* [About this task] Would you repeat the listing exactly, without any of its images?

* [Data]
⟨

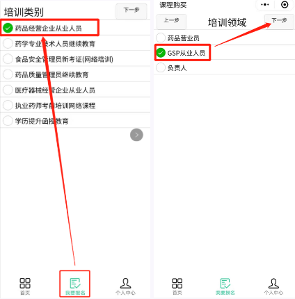首先,进入小程序,然后点击“我要报名”,接着选择“药品经营企业从业人员”,最后点击“GSP”。
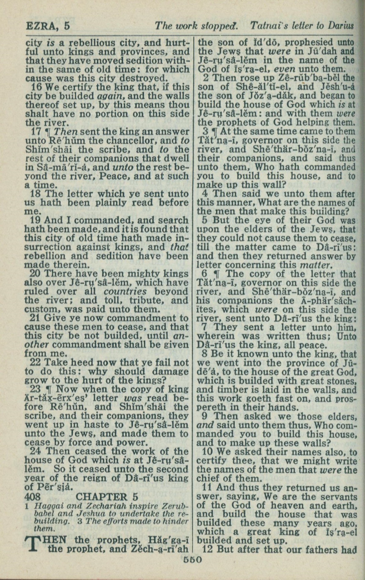 1946年King James Version 以斯拉记 4 章 16 节到 5 章 12 节
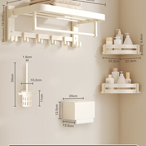 【7点セットA】タオル掛け+三角バスケット*2+ドライヤーホルダー+ティッシュボックス+トイレブラシ+ローフック+タオルバー
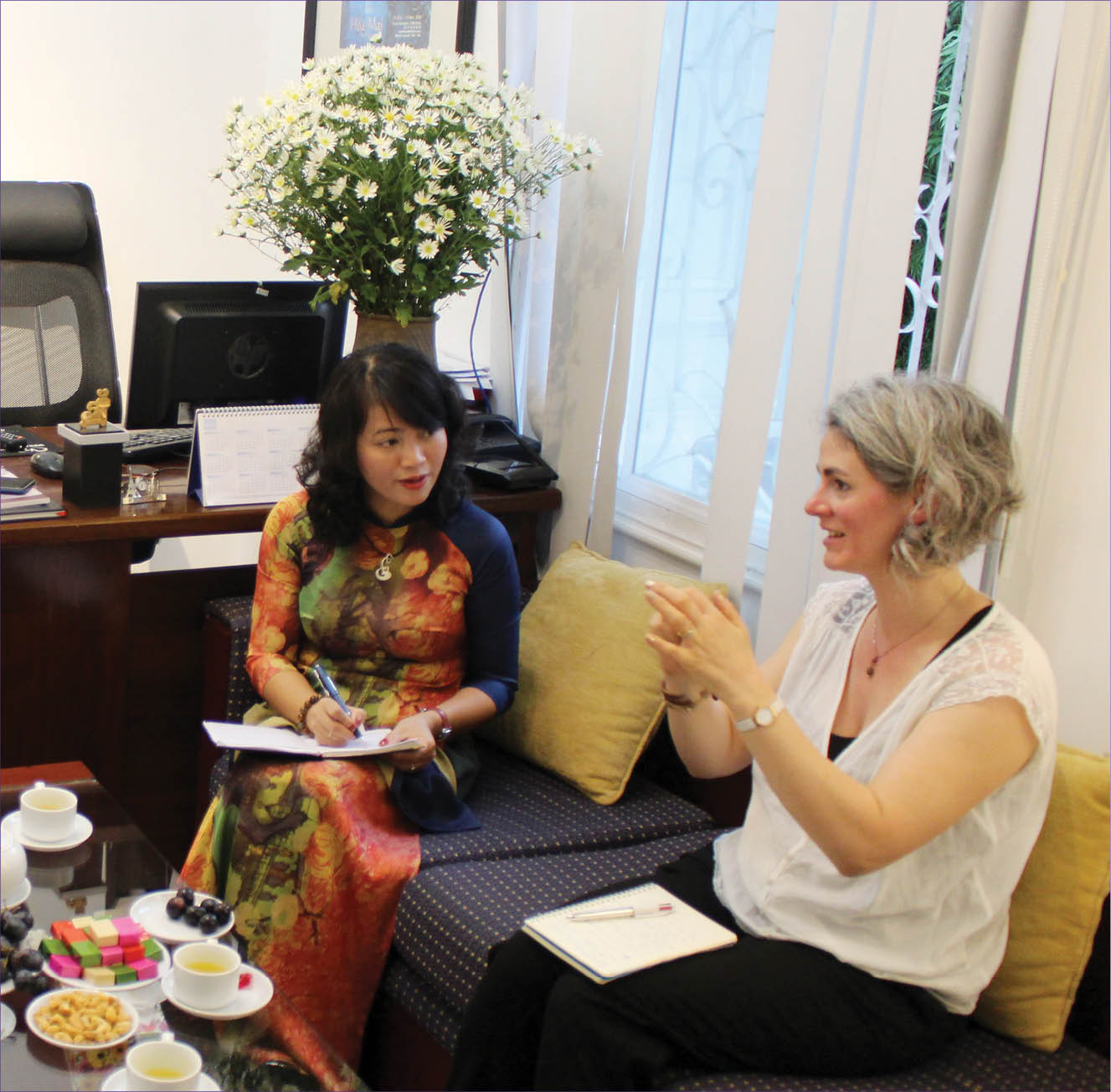Ths. Đinh Thị Hoài Trai làm việc cùng chuyên gia nước ngoài
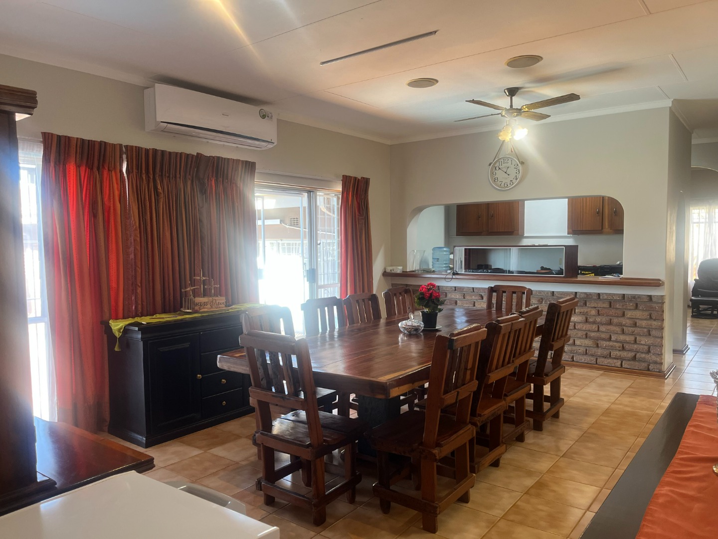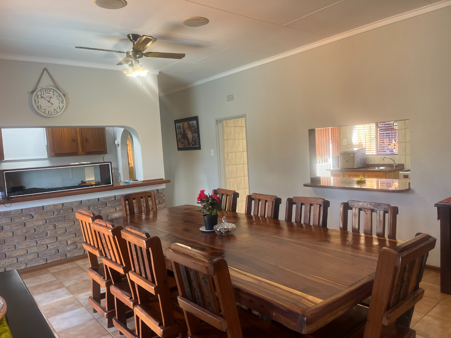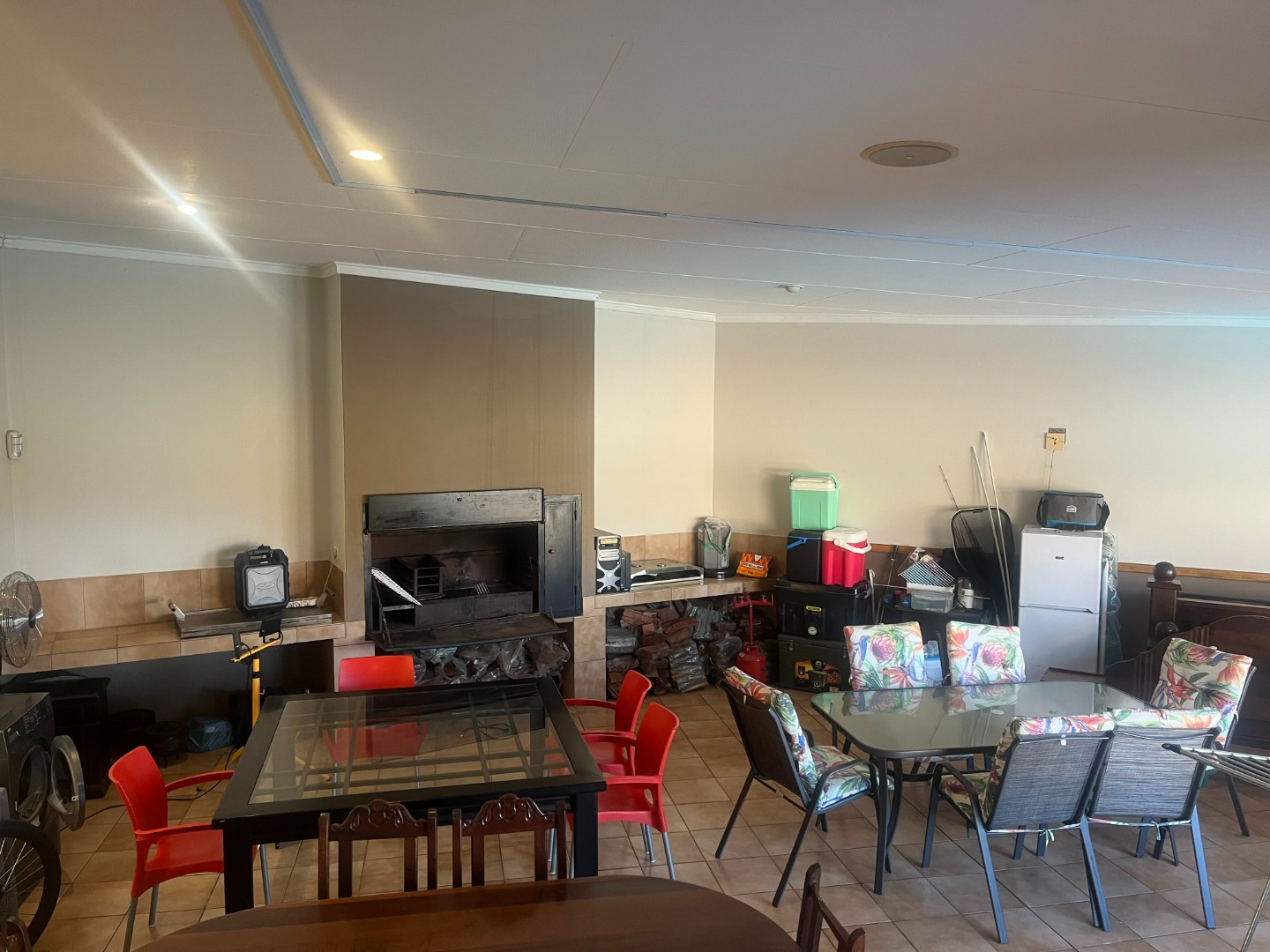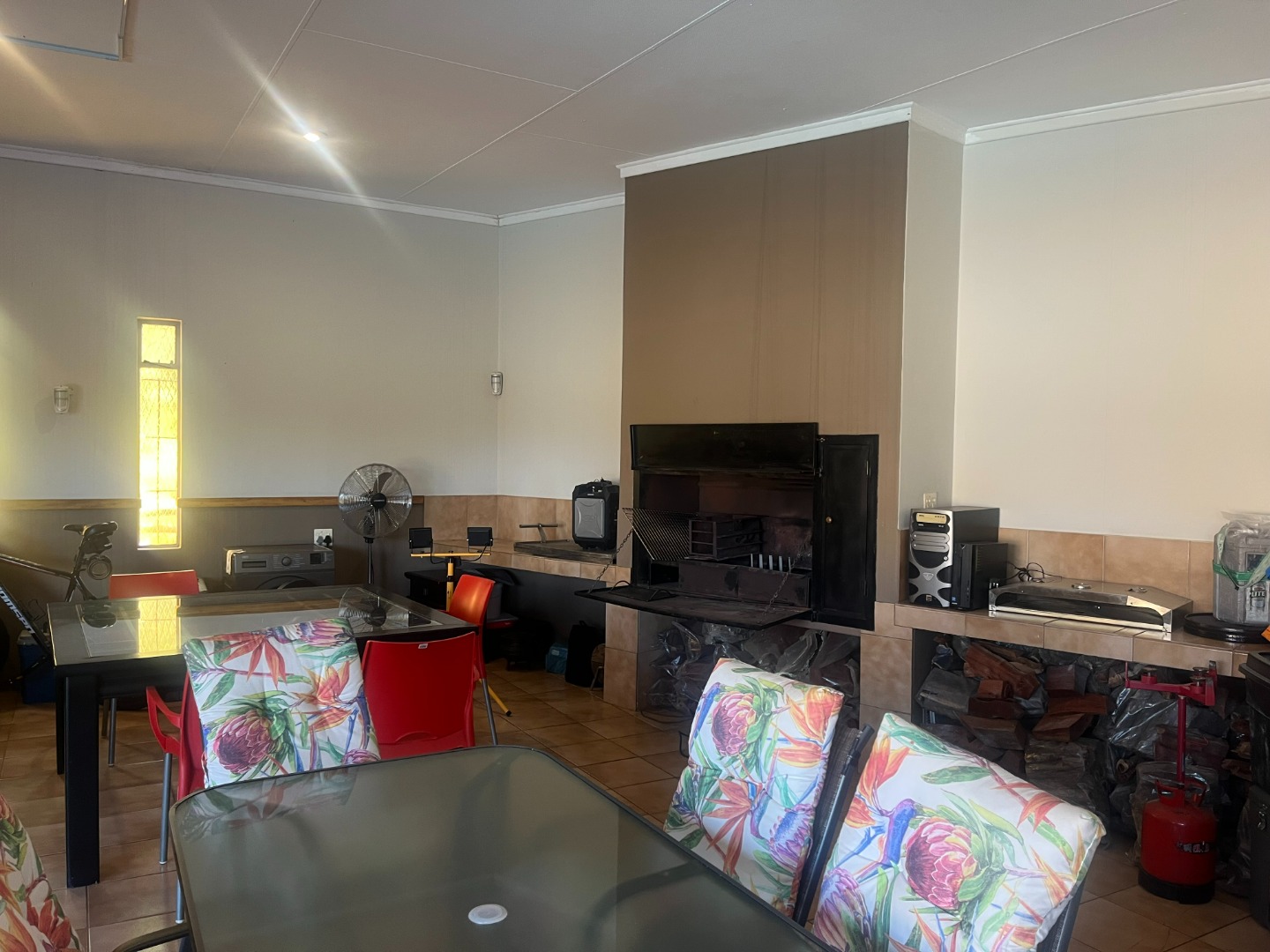 Lovely, large entertaining area with a built-in braai and roll up blinds which connects to the house via sliding doors.
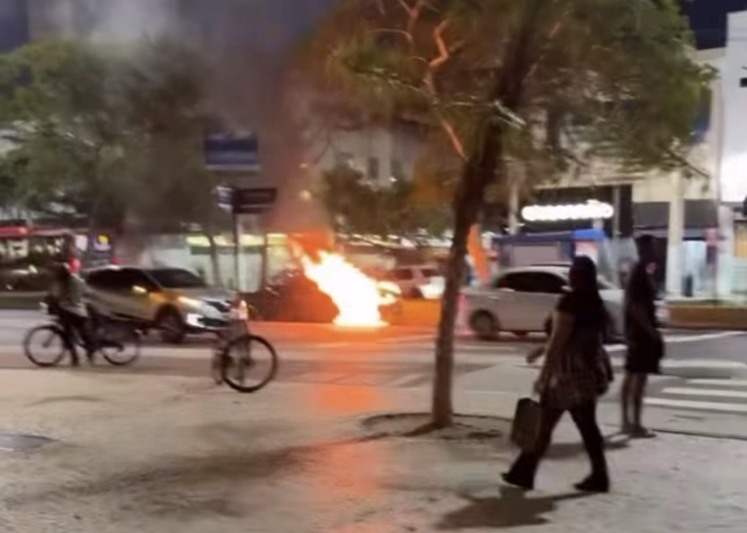 Um carro pegou fogo na noite deste sábado (18) na Avenida Visconde do Rio Branco, em frente à Drogaria Pacheco, próximo às Barcas, no Centro de Niterói. O incidente ocorreu por volta das 18h22 e provocou correria entre pedestres e lentidão no trânsito da região.
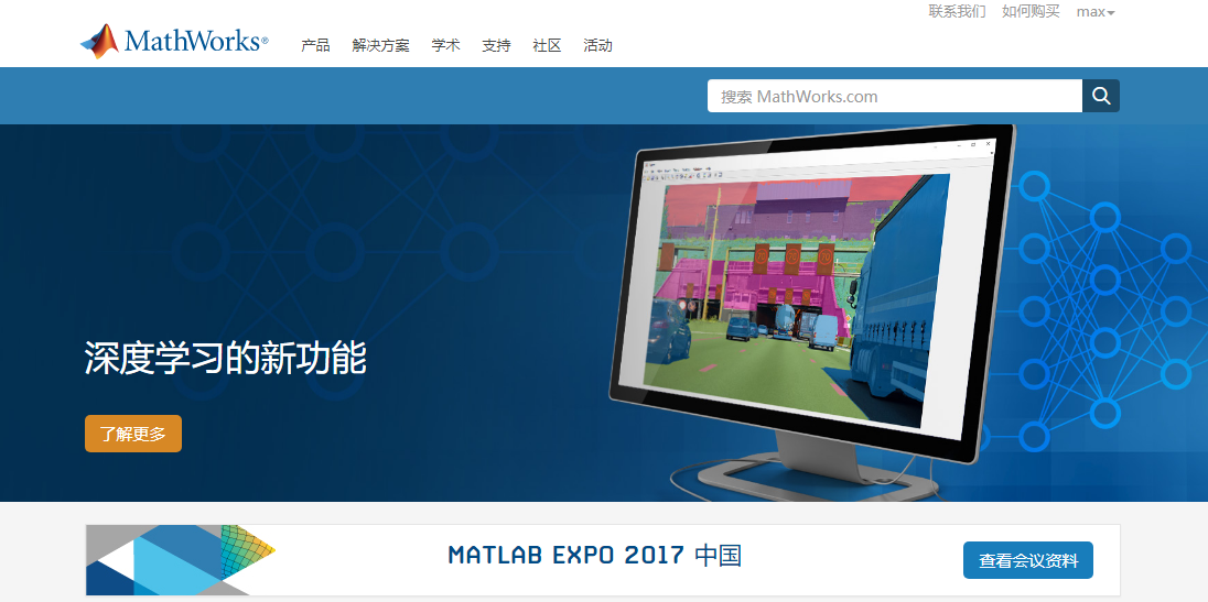 Matlab官方網(wǎng)站是:https://www.mathworks.com/ , 打開后如下所示 -
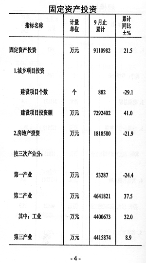 ——投資小幅回升。固定資產投資完成911.1億元,增長21.5%,與上半年相比增速提高0.6個百分點,與上年同期相比回落8.3個百分點。其中房地產業(yè)投資完成181.9億元,下降21.9%。
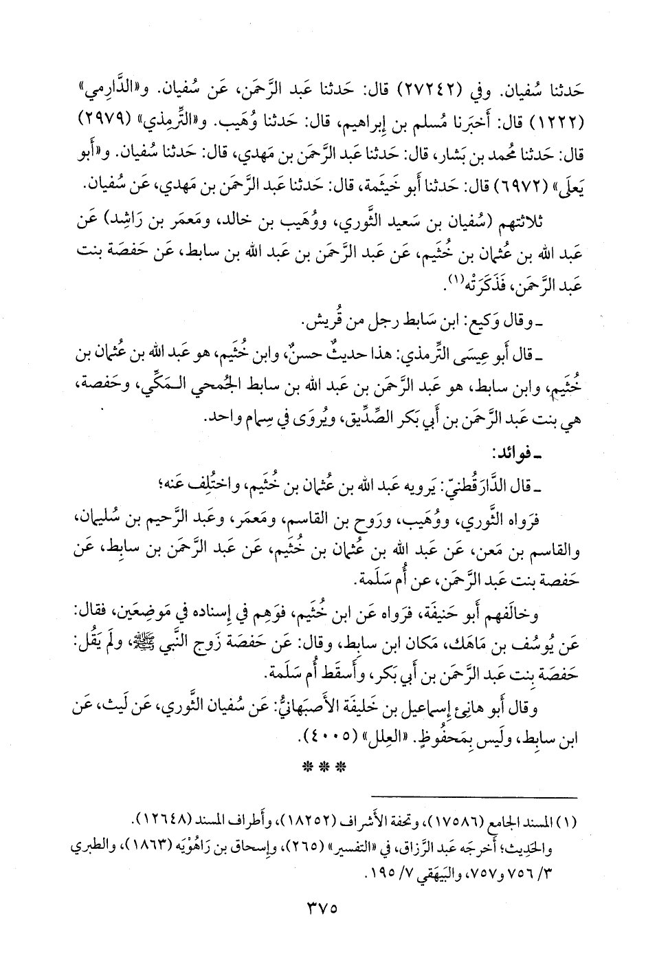 فرواه الثوري، ووهيب، وروح بن القاسم، ومعمر، وعبد الرحيم بن سليمان، والقاسم بن مَعْن، عن عبد الله بن عثمان بن خثيم، عن عبد الرَّحمَن بن سابط، عن حفصة بنت عبد الرَّحمَن، عن أُم سلمة.

⟩

* [Answer to the problem]
首先,进入小程序,然后点击“我要报名”,接着选择“药品经营企业从业人员”,最后点击“GSP”。
 1946年King James Version 以斯拉记 4 章 16 节到 5 章 12 节
 【7点セットA】タオル掛け+三角バスケット*2+ドライヤーホルダー+ティッシュボックス+トイレブラシ+ローフック+タオルバー
Ths. Đinh Thị Hoài Trai làm việc cùng chuyên gia nước ngoài
 Lovely, large entertaining area with a built-in braai and roll up blinds which connects to the house via sliding doors.
 Um carro pegou fogo na noite deste sábado (18) na Avenida Visconde do Rio Branco, em frente à Drogaria Pacheco, próximo às Barcas, no Centro de Niterói. O incidente ocorreu por volta das 18h22 e provocou correria entre pedestres e lentidão no trânsito da região.
 Matlab官方網(wǎng)站是:https://www.mathworks.com/ , 打開后如下所示 -
 ——投資小幅回升。固定資產投資完成911.1億元,增長21.5%,與上半年相比增速提高0.6個百分點,與上年同期相比回落8.3個百分點。其中房地產業(yè)投資完成181.9億元,下降21.9%。
 فرواه الثوري، ووهيب، وروح بن القاسم، ومعمر، وعبد الرحيم بن سليمان، والقاسم بن مَعْن، عن عبد الله بن عثمان بن خثيم، عن عبد الرَّحمَن بن سابط، عن حفصة بنت عبد الرَّحمَن، عن أُم سلمة.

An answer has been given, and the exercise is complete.